Yes, they know, at rare moments.
No other way can I interpret those pauses of his latter life, when, propped on his forefeet, he would sit for long minutes quite motionless-his head drooped, utterly withdrawn; then turn those eyes of his and look at me.
That look said more plainly than all words could: "Yes, I know that I must go."
If we have spirits that persist-they have.
If we know, after our departure, who we were-they do.
No one, I think, who really longs for truth, can ever glibly say which it will be for dog and man-persistence or extinction of our consciousness.
There is but one thing certain-the childishness of fretting over that eternal question.

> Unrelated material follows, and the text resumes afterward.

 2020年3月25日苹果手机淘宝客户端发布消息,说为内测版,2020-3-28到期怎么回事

Whichever it be, it must be right, the only possible thing.
He felt that too, I know; but then, like his master, he was what is called a pessimist.

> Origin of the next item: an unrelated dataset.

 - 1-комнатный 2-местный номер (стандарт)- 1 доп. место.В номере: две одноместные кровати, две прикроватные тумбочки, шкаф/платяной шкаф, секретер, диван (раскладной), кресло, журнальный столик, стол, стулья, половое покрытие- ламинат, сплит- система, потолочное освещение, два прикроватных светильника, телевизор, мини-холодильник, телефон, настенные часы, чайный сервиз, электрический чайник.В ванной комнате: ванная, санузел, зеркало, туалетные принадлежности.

My companion tells me that, since he left us, he has once come back.
It was Old Year's Night, and she was sad, when he came to her in visible shape of his black body, passing round the dining table from the window end, to his proper place beneath the table, at her feet.
She saw him quite clearly; she heard the padding tap-tap of his paws and very toe-nails; she felt his warmth brushing hard against the front of her skirt.
She thought then that he would settle down upon her feet, but something disturbed him, and he stood pausing, pressed against her, then moved out toward where I generally sit, but was not sitting that night.
She saw him stand there, as if considering; then at some sound or laugh, she became self-conscious, and slowly, very slowly, he was no longer there.
Had he some message, some counsel to give, something he would say, that last night of the last year of all those he had watched over us?
Will he come back again?
No stone stands over where he lies. It is on our hearts that his life is engraved.